The large-scale features and evaluation of the CMIP6–PMIP4 midHolocene simulations in comparison to data reconstructions and in the CMIP5–PMIP3 endeavor can be found in Brierley et al. (2020). In this section, we briefly explore differences in the responses of surface temperature, monsoon precipitation, and Arctic sea ice to the different magnitudes and seasonal character of the insolation anomalies at 127 ka versus 6 ka.
6.1 Orbital forcing
The orbit at 6 ka was characterized by a smaller eccentricity than at 127 ka, similar to 1850 CE (Fig. 14). Perihelion occurred near the boreal autumn equinox as compared to close to the boreal summer solstice at 127 ka and near aphelion at 1850 CE. NH summer insolation anomalies at 6 ka, ∼ 5 %–10 % greater than at 1850 CE, are considerably less than at 127 ka (Figs. 1 and 14). In addition, the positive insolation anomalies of greater than 10 % in the Arctic occur in July–August at 6 ka as compared to May–August at 127 ka. At SH mid- and high latitudes, the anomalous insolation anomalies are shifted to boreal fall/austral spring. As such, the orbital forcing on climate is expected to be stronger at 127 ka than at 6 ka.
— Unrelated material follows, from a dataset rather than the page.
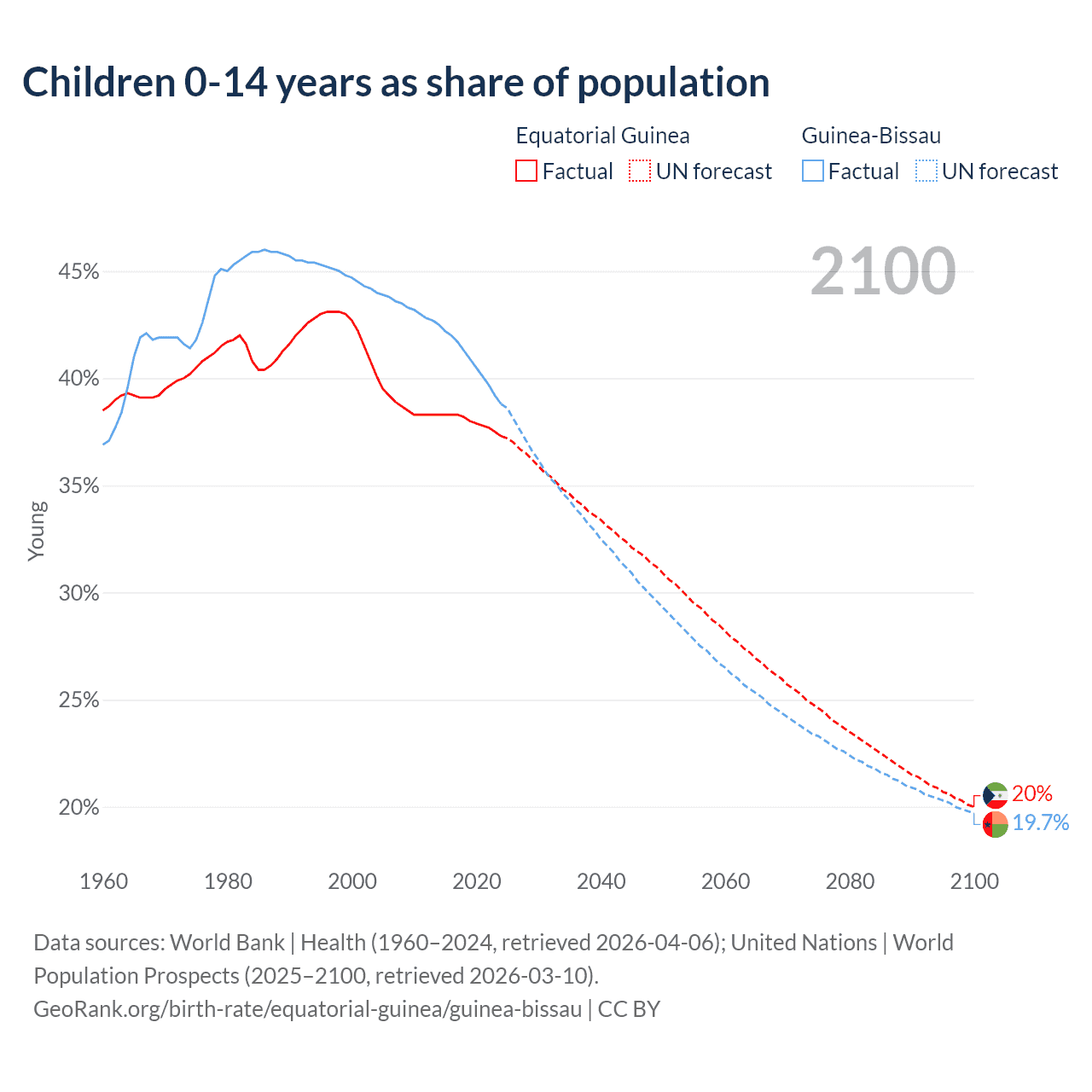 Children aged 0-14 make up 37.3% of the population in Equatorial Guinea and 38.8% in Guinea-Bissau in 2024, compared to 41.6% and 45.7% respectively in 1990.

6.2 Surface temperature responses
Figure 15 compares the MMM changes and standard deviations of ensemble changes of surface air temperatures for lig127k and midHolocene simulations. In the tropics and the Southern Hemisphere, the JJA zonal-average temperature anomaly is positive (0.5 ∘C) for the lig127k ensemble but negative (0.5 ∘C) in the midHolocene ensemble. The maximum JJA surface temperature anomalies occur at ∼ 40–65∘ N for both time periods but are significantly greater at 127 ka (over 3 ∘C at 127 ka as compared to ∼ 1 ∘C at 6 ka). The DJF zonal-average surface temperature anomalies are near zero or negative south of 65∘ N for both time periods. Cryosphere and ocean feedbacks provide the memory for positive surface temperature anomalies in DJF, even with negative insolation anomalies, with DJF Arctic surface temperatures averaging about 0.5 ∘C higher in the midHolocene MMM and up to 3 ∘C higher in the lig127k MMM than the piControl.
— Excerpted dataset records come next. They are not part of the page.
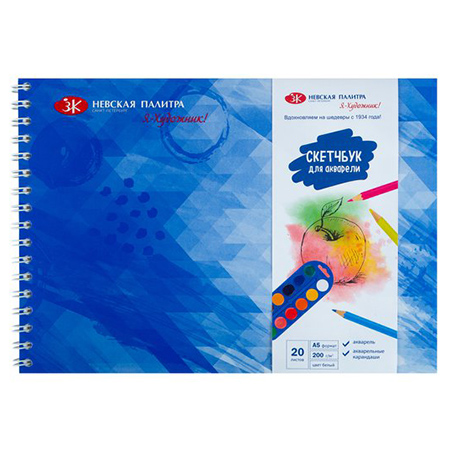 Скетчбук, акварельная бумага 200г/м2, А5, 20л, спираль, без линовки, обложка - мелованный картон, жесткая подложка " Я- Художник! "
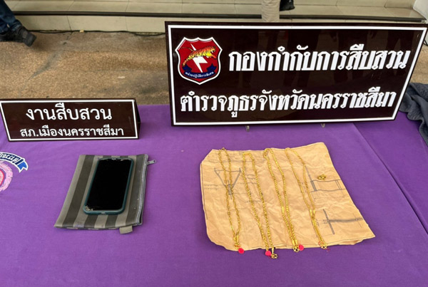 在蓬贴供认后,警方就带着他到木薯地搜索赃物,最后把5条金项鍊全部归还金行。(泰国世界日报)
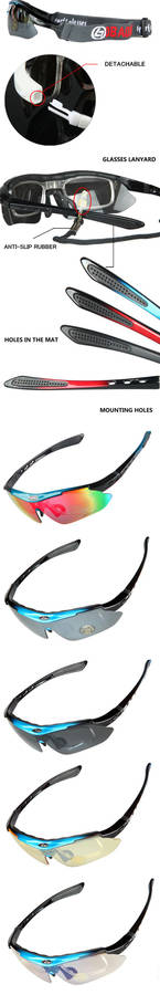 Features: Holes in the mat prevent them fall off when you riding Temple with 3 hole make you feel better when you sweating Comfortable to wear, conveinet to take by your side, good ability of anti-impact, very durable. They are consist of high intensity light lens, with Ergonomics design style, 5 lens with 100% anti-ultravoilet functions. This pair of glasses is designed professional to protect your eyes when you are doing outdoor sports, as hiking,hunting, skiing , cycling, climbing mountains.
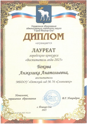 Диплом лауреата городского конкурса "Воспитатель года - 2025", 2025 год |

6.3 Precipitation responses
The signs of the percentage changes in the areal extents of the regional monsoon domain (Fig. 16b) and the percentage changes in the total amount of water precipitated in each monsoon season (Fig. 16c) are similar for the lig127k and midHolocene simulations as compared to piControl simulations, but the responses are generally enhanced in the lig127k simulations as compared to the midHolocene simulations. Both time periods show greater areal extent and the total amount of water precipitated for the NAF and EAS monsoons, with the lig127k MMMs outside the midHolocene quartile range. Similarly, the Australian–Maritime Continent, southern Africa, and South America monsoons show greater reductions in areal extent and total water precipitated in the lig127k simulations than in the midHolocene simulations as compared to the piControl simulations. Both time periods show a mixed simulated response of the North American monsoon (NAMS).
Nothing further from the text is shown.